Sunday attendance at church has halved since the millennium.
Christianity's grip on the national psyche has been loosening steadily for more than a century.
The release of the 10-yearly census data sent shockwaves through the clergy and beyond,
revealing a startling acceleration in this decline over the past two decades,
and raising profound questions about the evolving nature of society,
and the role of the church within it, if any.
The census had revealed that, for the first time, less than half of the population describe themselves as Christian, though minority ethnic communities
were keeping faith alive.
The Church of England, once an immovable pillar of British life, is now a crumbling relic of its former self.
For centuries, it stood as the moral backbone of the nation, a guiding light for both the powerful and the humble.
Today, its pews are mostly empty, its congregations disillusioned, and its influence largely an illusion.
In a world increasingly captivated by secular ideologies, the Church of England has floundered.
Its leaders, once unafraid to speak truth to power, have lost the eternal truths of the Gospel of Christ
in a miasma of mistaken doctrines oriented to an imagined spiritual reality
and the legends of ancient religious superstition.
Where people look for openness and truth, the church offers obedience and mystery.
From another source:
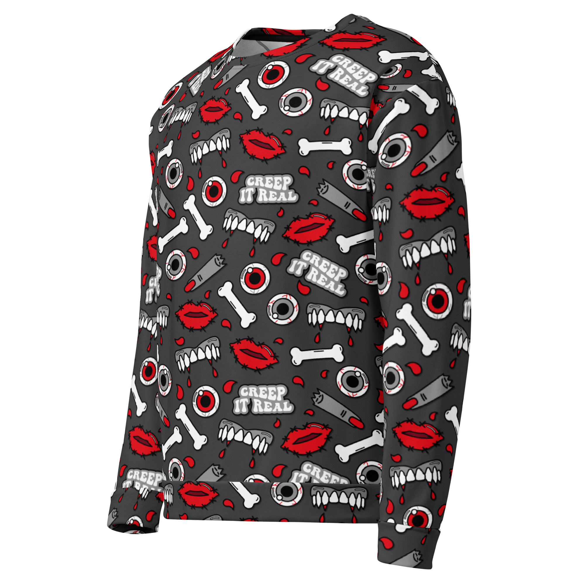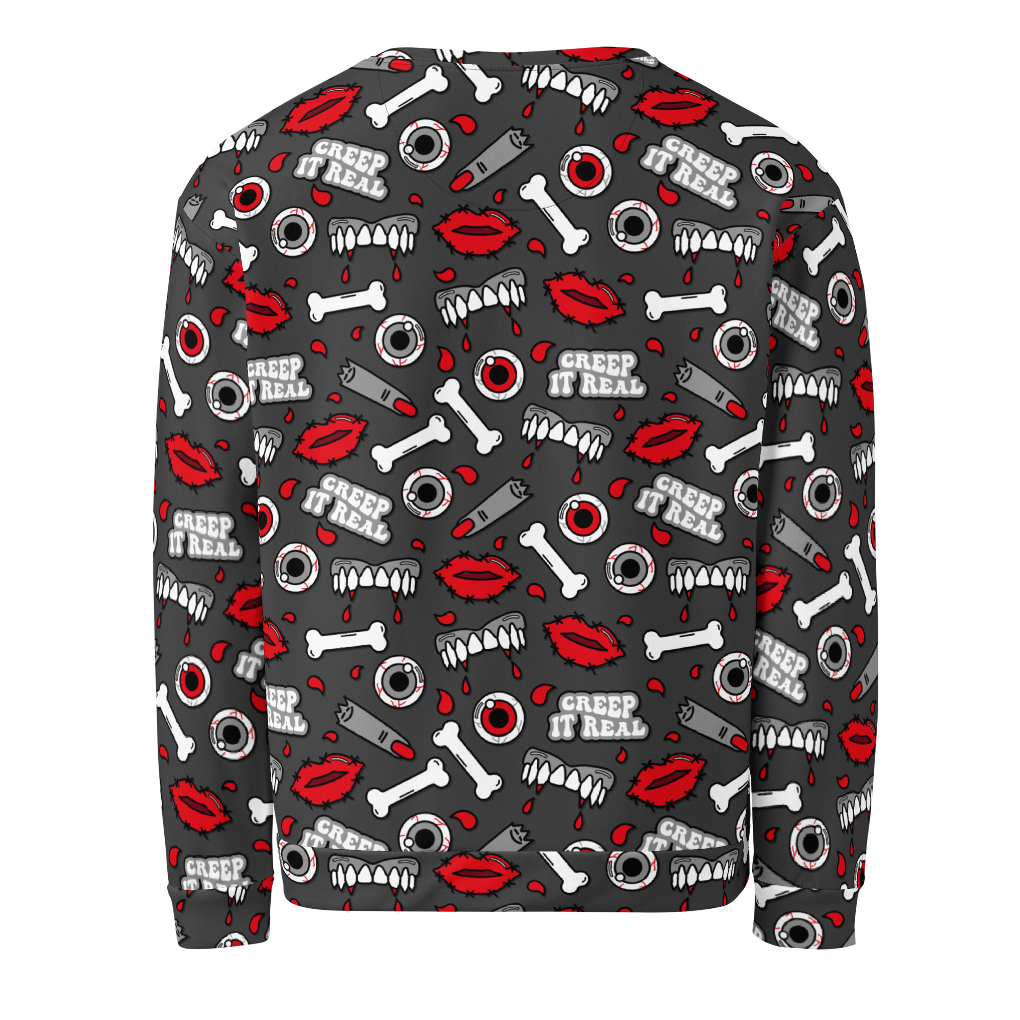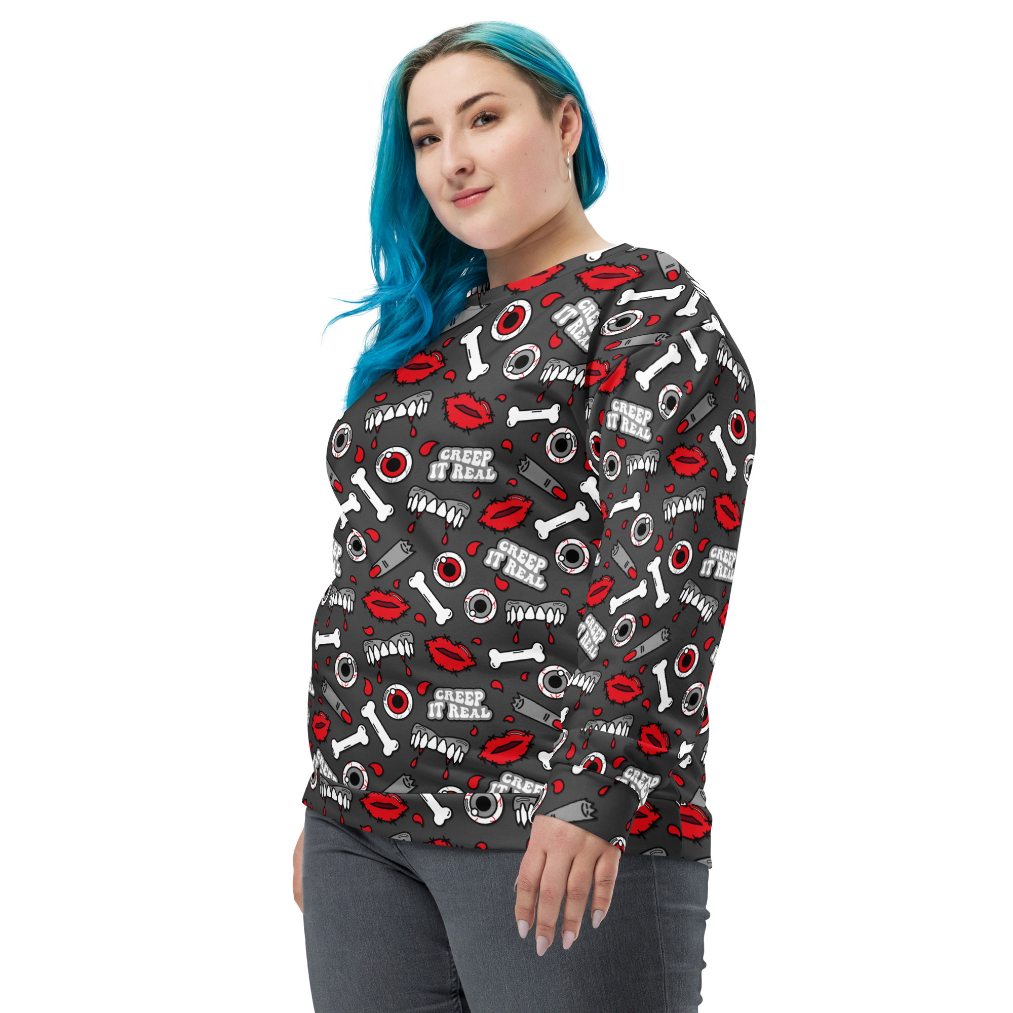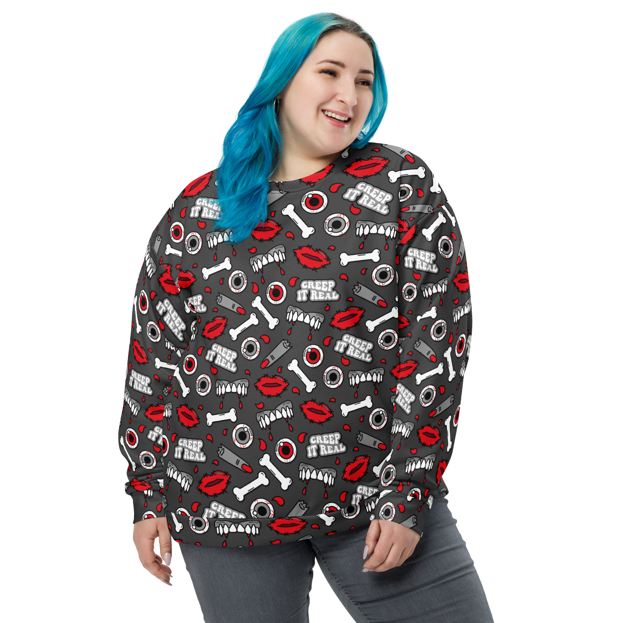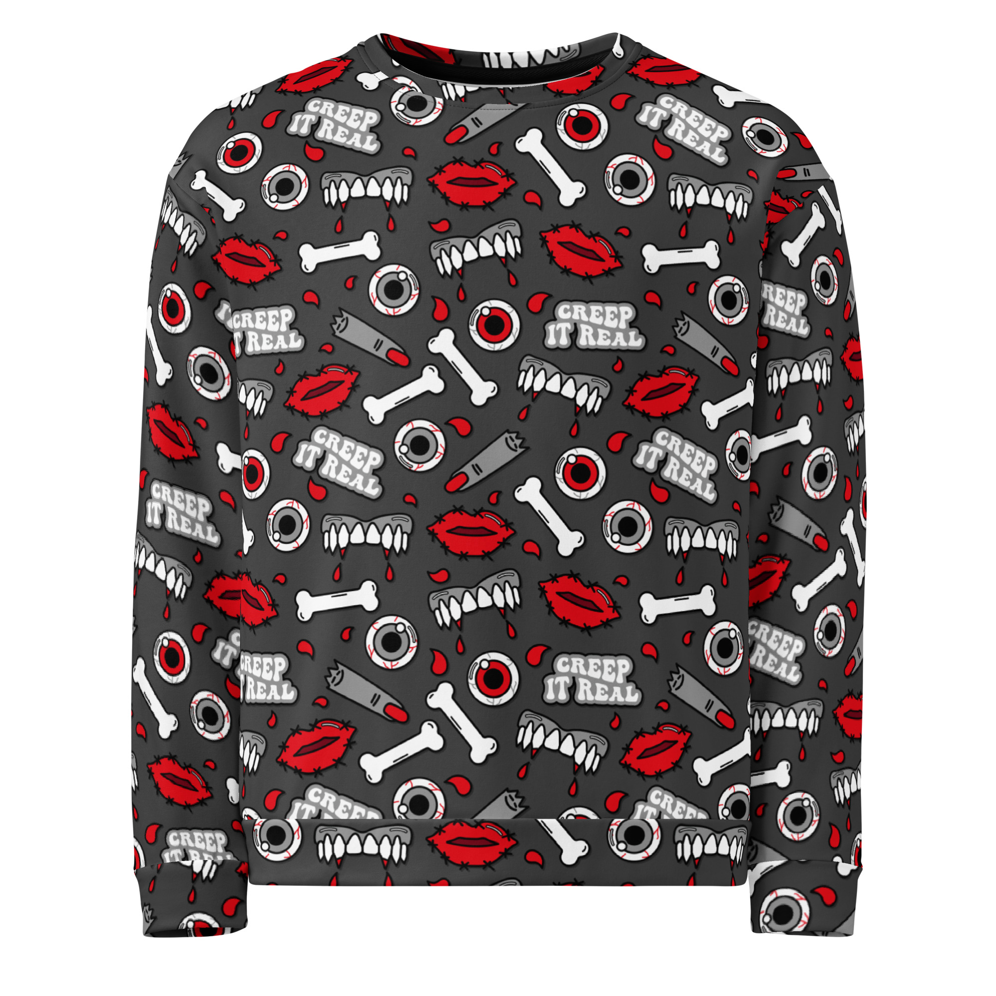 Varm och skön sweatshirt med mängder av kitschiga motiv med texten ’Creep it real’. Tillverkad i en superskön unisex-modell i blandad polyester, bomull och elastan. Tröjan har en mjuk bomullskänsla på utsidan och har varm och kammad fleece på insidan. Kommer verkligen dra blickarna till sig när du använder den och den kommer garanterat bli din nya favorit.

Where people look for sharing, the church offers compliance;
Where people look for inclusion, the church offers an exclusive message;
Where people look for hope in this world, the church offers heaven in the next;
yet
where Jesus spoke of sharing our possessions, the church grows rich on its own;
where Jesus spoke of turning the other cheek, the church supports those protecting their power;
where Jesus spoke of human love, the church supports the anchorite.
How is it that the church has gone so far astray?
It would seem that God is at work beyond the walls of the religious institutions;
that divinity inspires the goodness that flows untrammelled from seemingly secular sources,
that the structures and strictures of the church may well be an impediment
to the workings of godliness in our time.
Sensng divine denial, the people have turned their back on the institutional church,
condemning its constitution and its message through their absence.